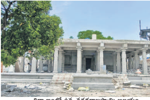
నిర్మాణంలో ఉన్న వరదరాజస్వామి ఆలయం

కేసీఆర్ సందర్శనతో పూర్తి వైభవం కొండపోచమ్మ సాగర్ రిజర్వాయర్ ప్రారంభోత్సవం కోణాన వరదరాజస్వామి ఆలయాన్ని అప్పటి సీఎం కేసీఆర్ దర్శించారు. ఆలయానికి పూర్తివైభవం తీసుకురావాలని సంకల్పించి, అప్పట్లో నిర్మాణ పనులకు రూ.10 కోట్లు మంజూరుచేశారు. గ్రామాలిప్పట్టికి మరో రూ.10 కోట్లు అదనంగా మంజూరు చేశారు. దీంతో వరదరాజస్వామి ఆలయ గోపురం, ముఖద్వారానికి రూ.70 లక్షలు, ఆలయంలోని
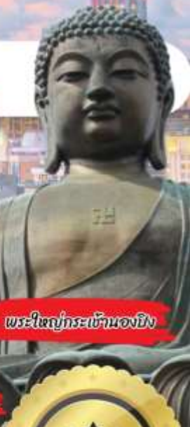
พระใหญ่กระเขมของยิ่ง
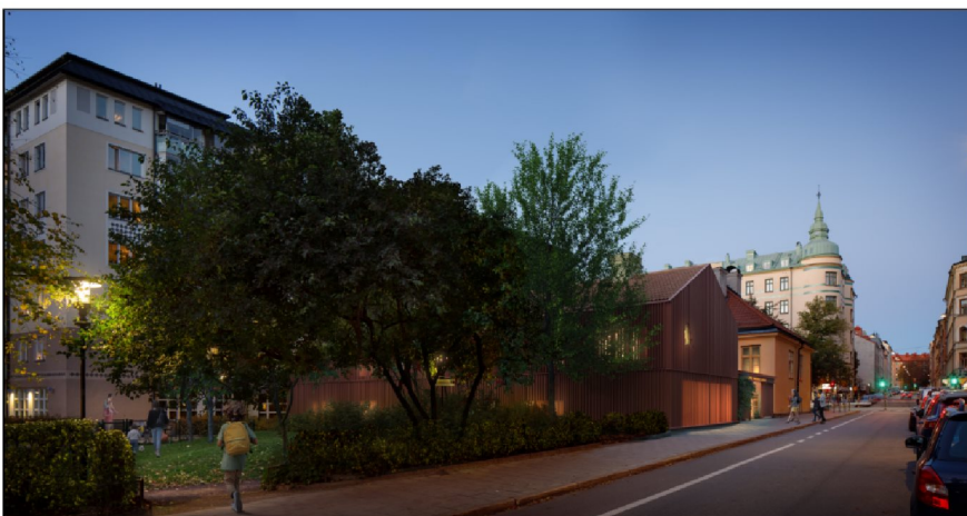
Perspektiv från Surbrunnsgatan. Illustration: Winroth Arkitekter

Mot Surbrunnsgatan och innergården ges fasaden en mer öppen karaktär med större fönsterpartier för att förmedla den publika karaktären. I bottenvåningen etableras en restaurang som även bereds uteservering på gården. I övriga delen av byggnaden inryms hotellrum.
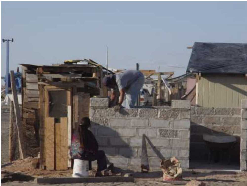
La autoconstrucción de vivienda es otra alternativa de los vecinos de la colonia Nuevo Peñasco.
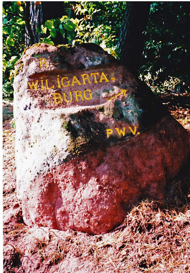
Ritterstein Nr. 49 bei Wilgartswiesen mit der Inschrift "R. Wilgartaburg" und "PWV." sowie mit einem Richtungspfeil versehen.
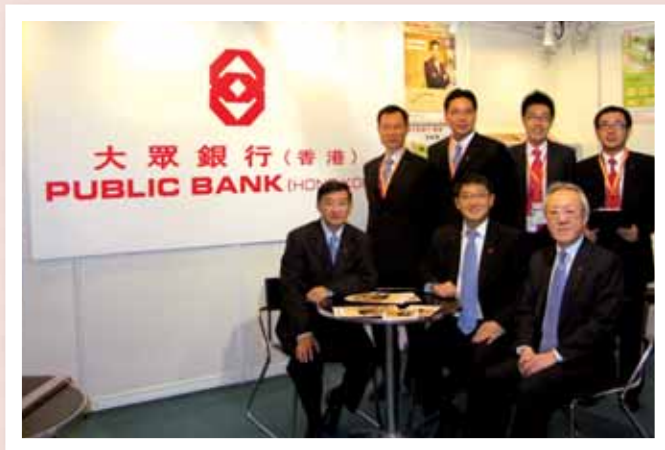
高級管理層到訪設於香港會議展覽中心中小企業國際推廣博覽會之大眾銀行（香港）展位。
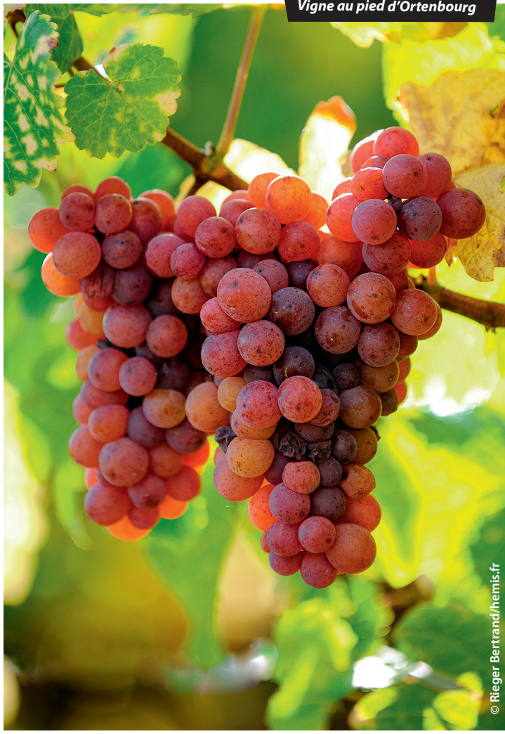
Vigne au pied d'Ortenbourg

Sauf exception, Le Routard bénéficie d'une parution annuelle à date fixe. Entre deux dates, des événements fortuits (formalités, taux de change, catastrophes naturelles, conditions d'accès aux sites, fermetures inopinées) peuvent intervenir et modifier vos projets en voyage. Pour éviter les déconvenues, nous vous recommandons de consulter la rubrique « Guide » par pays de notre site • routard.com • et plus particulièrement les dernières Actus voyageurs .
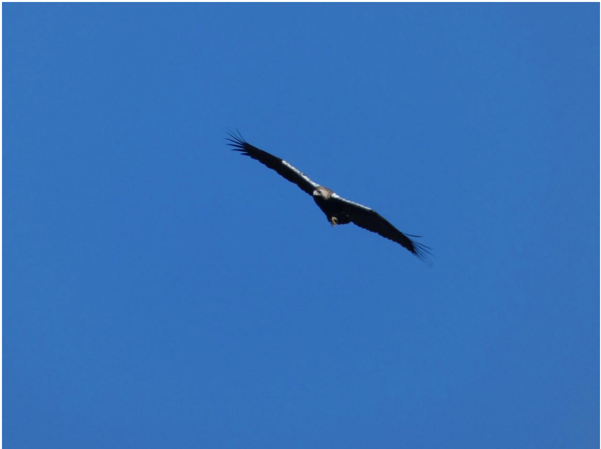
Spaanse Keizerarend
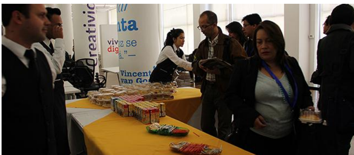
Estudiantes de Gastronomía de la Fundación San Mateo, apoyo logístico.

Resaltamos la labor de la Universidad Distrital Francisco José de Caldas San Mateo, quienes vincularon a sus estudiantes de Ingeniería y Gastronomía respectivamente, en las labores de apoyo logístico del evento.
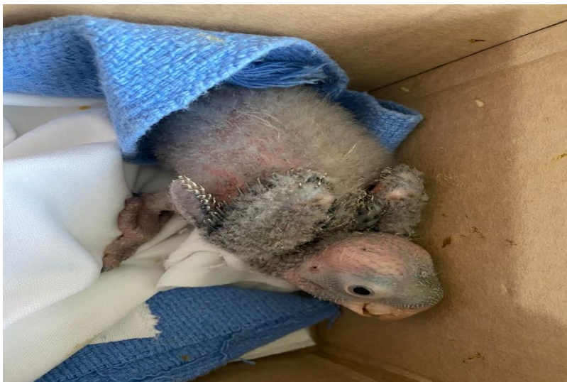
(42738) - Maritaca, filhote. Vindo de Bragança Paulista no dia 15-02-2023.
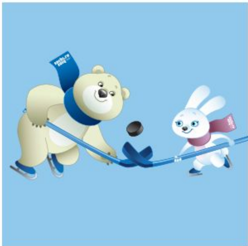
Ice-Hockey Хоккей на льду

Сколько олимпийских зимних видов спорта и дисциплин сегодня существует?
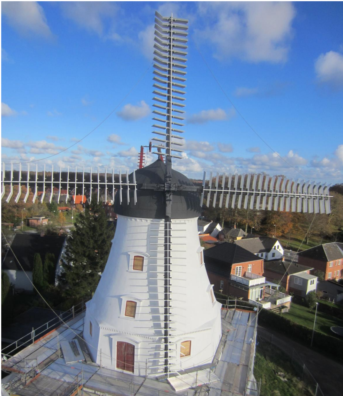
Den grimme ælling er blevet til en smuk svane
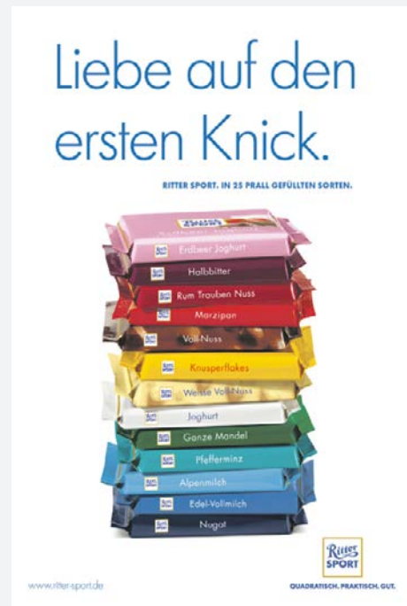
Anzeige 2: Ritter Sport
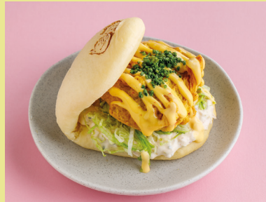
С хрустящим цыплёнком и соусом манго-чили 490
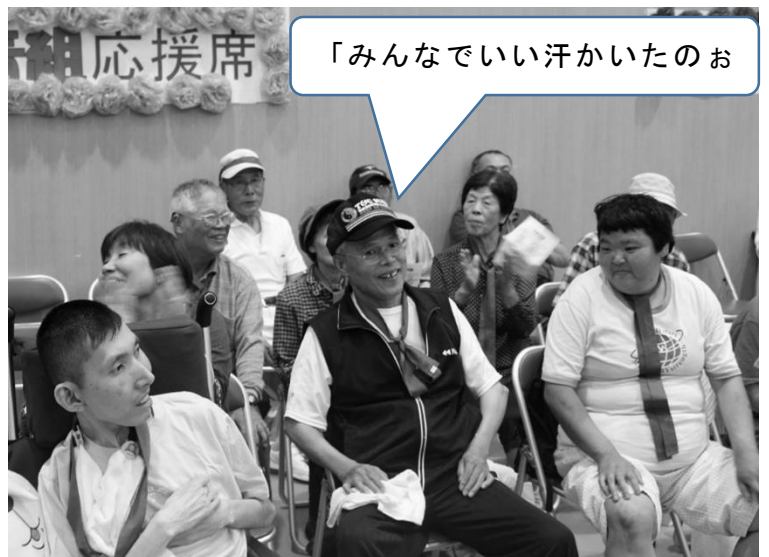
「みんなでいい汗かいたのお」

広島市北部を中心としたこのたびの大雨により被害を受けられた皆様に、謹んでお見舞い申し上げます。亡くなられた方々に衷心よりお悔み申し上げますとともに一日も早い復旧を心よりお祈り申し上げます。
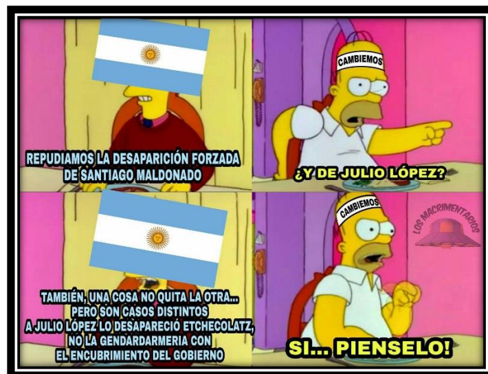
Fig. 3 Meme de Macrimentarios 32

Estas interpenetraciones entre sistemas de cuentas no sólo se materializaron en el espacio de exposición de memes sino también en el de los comentarios, donde «infiltrados» respondían con memes generados en los colectivos contrarios.
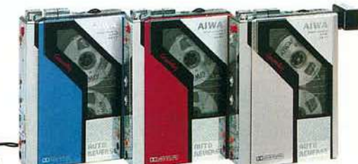
HS-F7BL パールブルー HS-F7R レッド HS-F7S シルバー
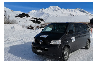
Meiental UR: Schneetourenbus in Aktion
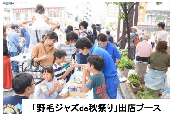
「野毛ジャズde秋祭り」出店ブース
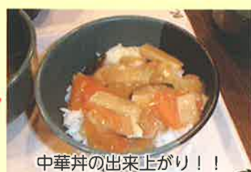
中華丼の出来上がり!!

みずばしょうでは、災害時もスムーズに食事提供できるよう、年に1度非常食提供訓練を行っています。今回の中華丼の具は見た目も味も良く、利用者さんにもご満足いただけようです。ご理解・ご協力ありがとうございます。
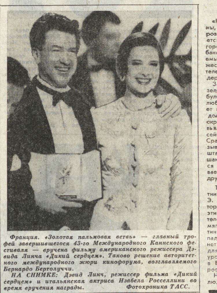
Франция. «Золотая пальмовая ветвь» — главный трофей завершающегося 43-го Международного Каннского фестиваля — вручена фильму американского режиссера Дэвида Линча «Дикий сердце». Такое решение авторитетного международного жюри кинофорума, возглавляемого Бернардо Бертолуччи. НА СНИМКЕ: Дэвид Линч, режиссер фильма «Дикий сердце» и итальянская актриса Изабелла Росселлини во время вручения награды.

Чередное празднование Международного женского дня на Мальте и натолкнуло наиболее решительных представительниц «сильного» пола на решение образовать Ассоциацию по защите прав мужчин. Прошло совсем немного времени, и ассоциация, насчитывающая уже более 200 членов, собралась на первый съезд. О чем же наиболее горячо спорили мужчины? В первую очередь — о супружестве. «Может ли кто-нибудь вспомнить случай, когда женщину привлекли к уголовной ответственности за то, что она не позволила своему мужу встречаться с сыном или дочерью? — спрашивали возмущенные ораторы. — А вот мужчина задрожать может угнать в тюрьму за неуплату алиментов». На и сами алименты... Некоторые мужчины, заводящий один из выступлений, просто не имеют стимула работать, поскольку после их уплаты остаются жалкие гроши.
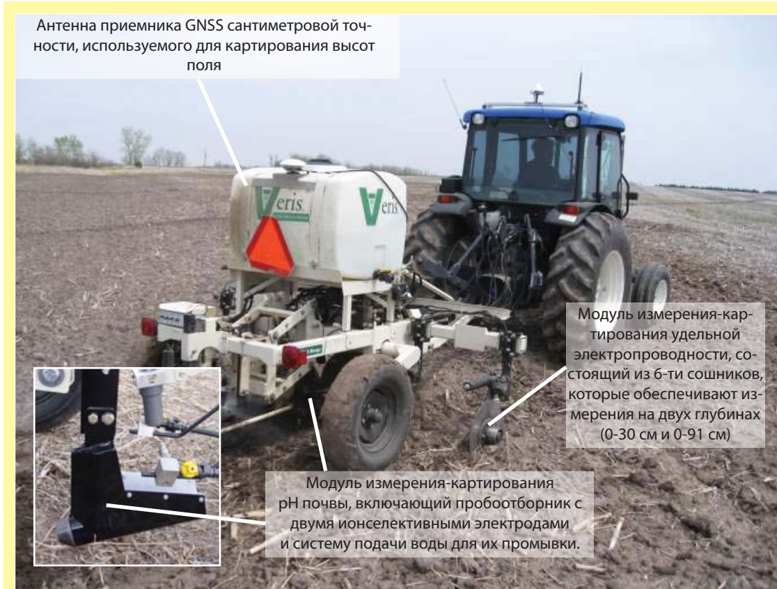
Антенна приемника GNSS сантиметровой точности, используемого для картирования высот поля

тирования физических свойств почвы (integrated soil physical properties mapping system, ISPPMS), разработанный в Университете Небраски-Линкольна. На рис. 3 приведен другой пример – передвижная сенсорная платформа (mobile sensor platform, MSP), которая объединяет в себе устройства по автоматическому измерению и картированию удельной электропроводности и pH почвы, работающие с приемником глобальной навигационной спутниковой системы (global navigation satellite system, GNSS) сантиметровой точности. В этих методах используются разные типы сенсоров. Система ISPPMS измеряет диэлектрические свойства почвы при использовании ёмкостного сенсора для обеспечения лучшей расшифровки значений механического сопротивления почвы, которые получены с помощью оснащенного тензотрами ножа, и измерений оптической отражательной способности почвы, выполненных с использованием набора фотодиодов. С практической точки зрения такая система может использоваться для учета пространственного варьирования влажности почвы и содержания органического вещества, а также плотности почвы. При использовании сельхозпроизводителями метода MSP, исходя из значений pH почвы, отображаются участки поля с кислой почвой, а измерения удельной электропроводности используются для косвенной оценки количества извести, необходимого для повышения pH почвы до требуемого уровня (с учетом почвенной серии). Использование приемника GNSS сантимет-
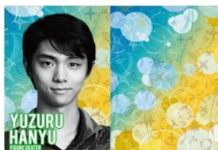
フィギュアスケーター 羽生 結弦

ロッテ「キシリトールガム」と新たな未来をつかっていく若者20組が決定しました。様々なジャンルから選定した彼らと、新しい可能性に挑戦します。それぞれがデザインに込めた思いをご紹介します。
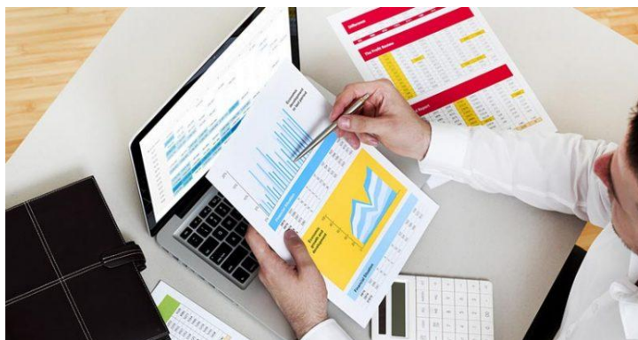
Interpréter les chiffres

Contribuer à la gestion de l'organisation
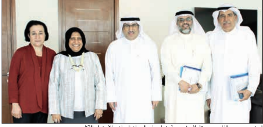
الوزير د.محمد الفارس مستقبلاً رئيس وأعضاء وفد الجهاز الوطني للاعتماد الأكاديمي

وقام أعضاء الوفد بتسليم التقرير النهائي حول الزيارة إلى الوزير الفارس.
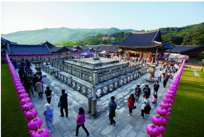
୧୦) Sansa, Buddhist Mountain Monasteries in Korea (Republic of Korea) Criteria: (iii)
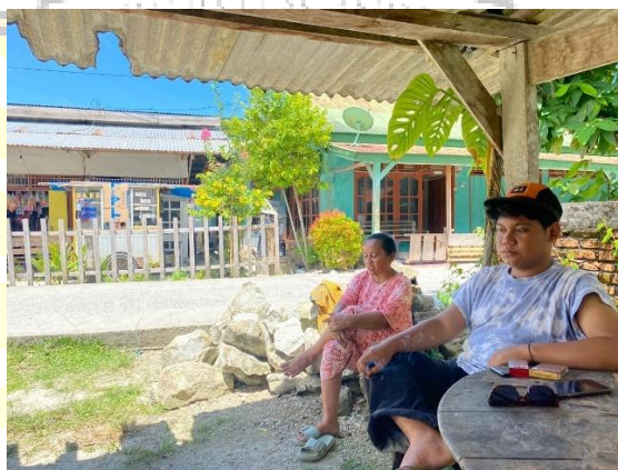
Gambar 2 Lingkungan Tempat Tinggal

Saya menuju tempat tinggal saya selama penelitian, rumah Amak Tebe yang berada di km 0, dan mulai mengenal lingkungan sosial di Dusun Jati. Ibu-ibu setempat menyambut dengan hangat dan memberikan banyak informasi mengenai mobilitas, transportasi, hingga fenomena anak remaja yang lebih memilih pergi memancing atau surfing daripada sekolah, seperti gambar dibawah ini yang menggambarkan suasana sekitar lingkungan tempat tinggal saya.
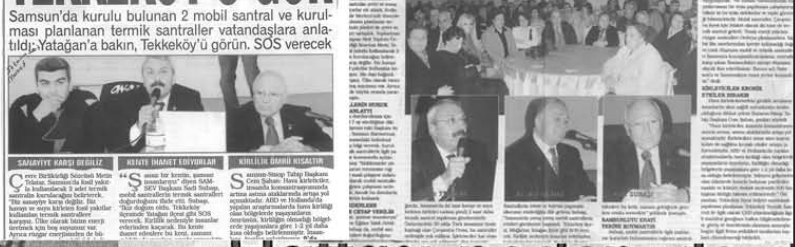
Samsun'da kurulu bulunan 2 mobil santral ve kurulması planlanan termik santraller vatandaşlara ulaştırıldı. Yatığa'nı bakın, Tekkeköy'ü görün. SOS verecek
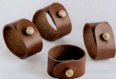
Ronds de serviette en cuir de buffle, 8,49 € les trois. La Redoute.

Si l'usage des matériaux naturels est de mise, les objets s'habillent en priorité de leurs teintes d'origine. Les bruns, les gris, les ocres et les beiges sont donc très présents. Mais la couleur n'est pas exclue de la table. Les verts, les bleus et les jaunes se déclinent en belles nuances plutôt sourdes, avec une discrétion qui évoque l'usage de pigments eux aussi d'origine naturelle.
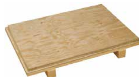
Fondo a due vie in compensato multistrato
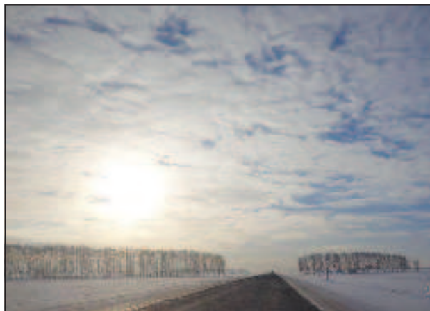
Симеон Гройсман - Награда от МОС при ФСС
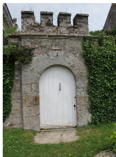
Le portail, avec la date portée de 1641
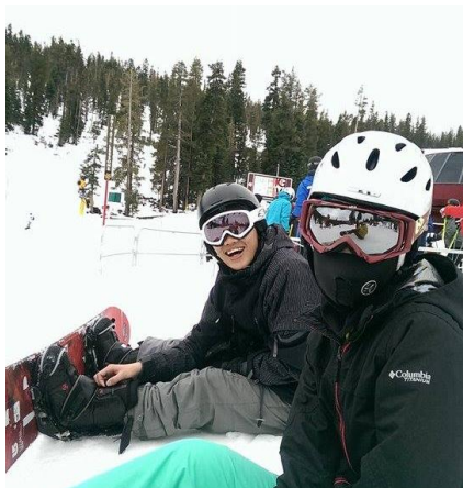
馬克吐溫曾說「如果想要和天使呼吸一樣的空氣，那就到 tahoe」的北加州渡假勝地 lake tahoe(夏天避暑冬天滑雪)

********************

What you will do ▸ Reproduce the data above exactly, but only from the line containing "Vigne au pied d'Ortenbourg" through the line containing "みずばしょうでは、災害時もス"; skip the pictures.

Answer to this problem ▸
Vigne au pied d'Ortenbourg

Sauf exception, Le Routard bénéficie d'une parution annuelle à date fixe. Entre deux dates, des événements fortuits (formalités, taux de change, catastrophes naturelles, conditions d'accès aux sites, fermetures inopinées) peuvent intervenir et modifier vos projets en voyage. Pour éviter les déconvenues, nous vous recommandons de consulter la rubrique « Guide » par pays de notre site • routard.com • et plus particulièrement les dernières Actus voyageurs .
Spaanse Keizerarend
Estudiantes de Gastronomía de la Fundación San Mateo, apoyo logístico.

Resaltamos la labor de la Universidad Distrital Francisco José de Caldas San Mateo, quienes vincularon a sus estudiantes de Ingeniería y Gastronomía respectivamente, en las labores de apoyo logístico del evento.
(42738) - Maritaca, filhote. Vindo de Bragança Paulista no dia 15-02-2023.
Ice-Hockey Хоккей на льду

Сколько олимпийских зимних видов спорта и дисциплин сегодня существует?
Den grimme ælling er blevet til en smuk svane
Anzeige 2: Ritter Sport
С хрустящим цыплёнком и соусом манго-чили 490
「みんなでいい汗かいたのお」

広島市北部を中心としたこのたびの大雨により被害を受けられた皆様に、謹んでお見舞い申し上げます。亡くなられた方々に衷心よりお悔み申し上げますとともに一日も早い復旧を心よりお祈り申し上げます。
Fig. 3 Meme de Macrimentarios 32

Estas interpenetraciones entre sistemas de cuentas no sólo se materializaron en el espacio de exposición de memes sino también en el de los comentarios, donde «infiltrados» respondían con memes generados en los colectivos contrarios.
HS-F7BL パールブルー HS-F7R レッド HS-F7S シルバー
Meiental UR: Schneetourenbus in Aktion
「野毛ジャズde秋祭り」出店ブース
中華丼の出来上がり!!

みずばしょうでは、災害時もスムーズに食事提供できるよう、年に1度非常食提供訓練を行っています。今回の中華丼の具は見た目も味も良く、利用者さんにもご満足いただけようです。ご理解・ご協力ありがとうございます。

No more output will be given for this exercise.